Many other books and authors stress that there is a computational formula for calculating the standard deviation. However, this formula doesn’t give you an idea of what standard deviation is and what you are doing. It is only good for doing the calculations quickly. It goes back to the days when standard deviations were calculated by hand, and the person needed a quick way to calculate the standard deviation. It is an archaic formula that this author is trying to eradicate. It is not necessary anymore, computers will do the calculations for you with as much meaning as this formula gives. It is suggested that you never use it. If you want to understand what the standard deviation is doing, then you should use the definition formula. If you want an answer quickly, use a computer.
One of the uses of the standard deviation is to describe how a population is distributed. This describes where much of the data is for most distributions. A general rule is that about 95% of the data is within 2 standard deviations of the mean. This is not perfect, but is works for many distributions. There are rules like the empirical rule and Chebyshev’s theorem that give you more detailed percentages, but 95% in 2 standard deviations is a very good approximation.

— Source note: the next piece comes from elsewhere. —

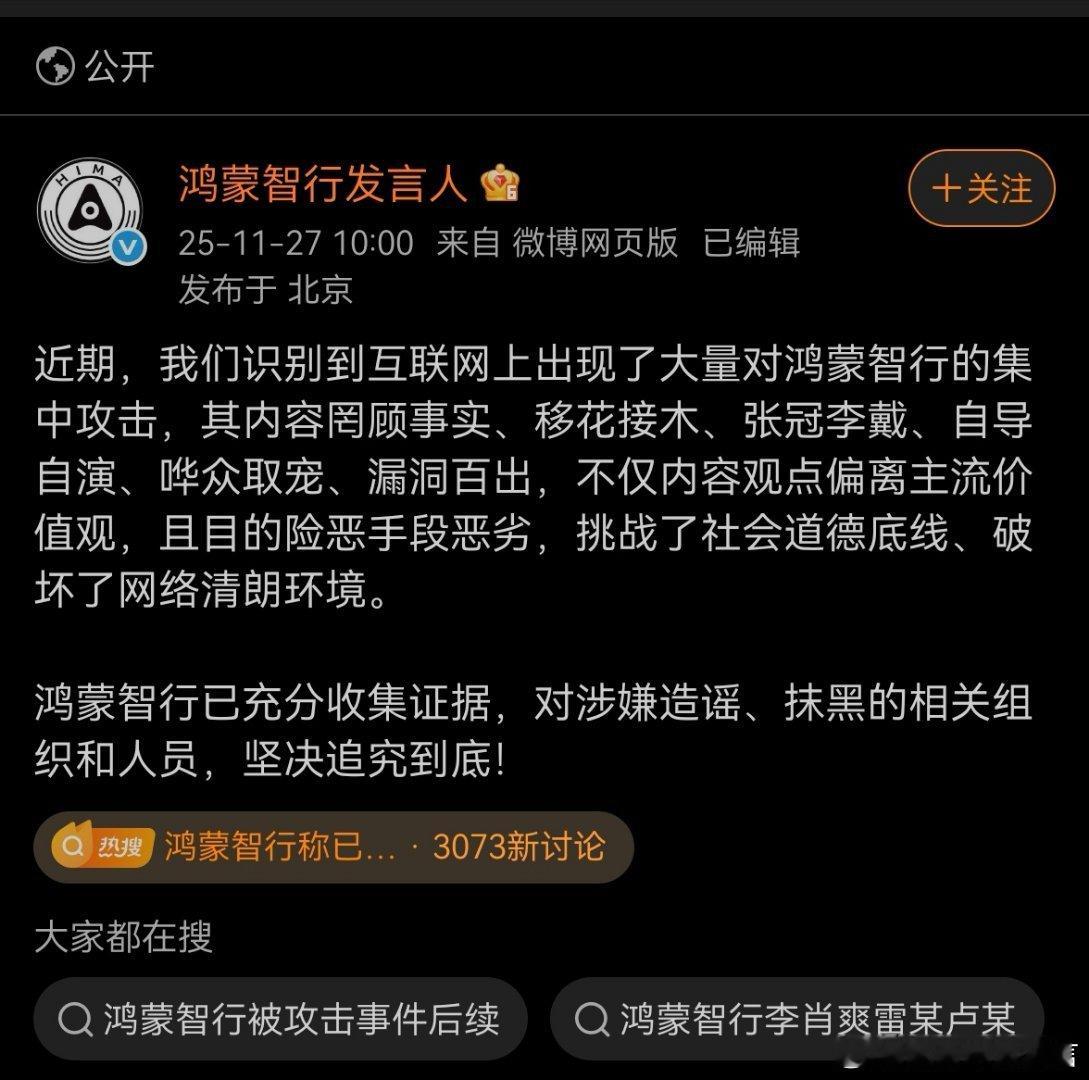 鸿蒙智行发文回应鸿蒙智行称已充分收集证据 对涉嫌造谣、抹黑的相关组织和人员坚决追

The U.S. Weather Service has provided the information in Table 3.6 about the total monthly/annual number of reported tornadoes in Oklahoma for the years 1950 to 2018. (US Department of Commerce & Noaa, 2016)
<-read.csv("https://krkozak.github.io/MAT160/Tornado_OK.csv")
Tornado::kable(head(Tornado)) knitr
Year | Jan | Feb | Mar | Apr | May | Jun | Jul | Aug | Sep | Oct | Nov | Dec | Annual |
---|---|---|---|---|---|---|---|---|---|---|---|---|---|
1950 | 0 | 1 | 1 | 5 | 12 | 1 | 0 | 0 | 2 | 1 | 0 | 0 | 23 |
1951 | 0 | 2 | 0 | 11 | 11 | 11 | 4 | 2 | 1 | 1 | 0 | 0 | 43 |
1952 | 0 | 0 | 0 | 7 | 5 | 5 | 4 | 1 | 0 | 0 | 0 | 0 | 22 |
1953 | 0 | 4 | 7 | 9 | 8 | 13 | 4 | 2 | 0 | 0 | 5 | 2 | 54 |
1954 | 0 | 0 | 7 | 13 | 19 | 4 | 4 | 2 | 3 | 1 | 0 | 0 | 53 |
1955 | 1 | 1 | 0 | 15 | 32 | 22 | 4 | 2 | 0 | 0 | 0 | 0 | 77 |
Code book for data frame Tornado
Description The U.S. Weather Service has collected data on the monthly and annual number of tornadoes in Oklahoma.
This data frame contains the following columns:
Year: Year from 1950-2018
Jan, Feb, Mar, Apr, May, Jun, Jul, Aug, Sep, Oct, Nov, Dec: Tornado numbers in each moth of the year
Annual: Total number of tornadoes for each year
Source US Department of Commerce, & Noaa. (2016, November 15). 1950 Oklahoma Tornadoes. Retrieved from https://www.weather.gov/oun/tornadodata-ok-1950
References The data was supplied by The U.S. Weather Service
Find the general interval that contains about 95% of the data.
Variable: \(x\) = number of annual tornadoes in Oklahoma
Find the mean and standard deviation:
df_stats(~Annual, data=Tornado, mean, sd)
response mean sd
1 Annual 56.02899 27.56061
The mean is \(\mu=56\) tornadoes and the standard deviation is \(\sigma=27.6\) tornadoes. The interval will be \(\mu\pm2*\sigma=56\pm2*27.6=(0.8,111.2)\)
About 95% of the years have between 0.8 or 1 and 111 tornadoes in Oklahoma.
The general rule says that about 95% of the data is within two standard deviations of the mean. That percentage is fairly high. There isn’t much data outside two standard deviations. A rule that can be followed is that if a data value is within two standard deviations, then that value is a common data value. If the data value is outside two standard deviations of the mean, either above or below, then the number is uncommon. It could even be called unusual. An easy calculation that you can do to figure it out is to find the difference between the data point and the mean, and then divide that answer by the standard deviation. As a formula this would be
\(z=\frac{x-\mu}{\sigma}\)
If you don’t know the population mean, \(\mu\), and the population standard deviation, \(\sigma\), then use the sample mean, \(\bar{x}\), and the sample standard deviation, \(s\), to estimate the population parameter values. Realize that using the sample standard deviation may not actually be very accurate.
In 1974, there were 45 tornadoes in Oklahoma. Is this value unusual? Why or why not?
Variable: \(x\) = number of tornadoes in Oklahoma
To answer this question, first find how many standard deviations 45 is from the mean. From 3.2.4 example, we know \(\mu=56\) and \(\sigma=27.6\). For \(x\)=45, \(z=\frac{45-56}{27.6}=-0.399\)
Since this value is between -2 and 2, then it is not unusual to have 45 tornadoes in a year in Oklahoma. The z value is negative, so that means that 45 is less than the mean number of tornadoes.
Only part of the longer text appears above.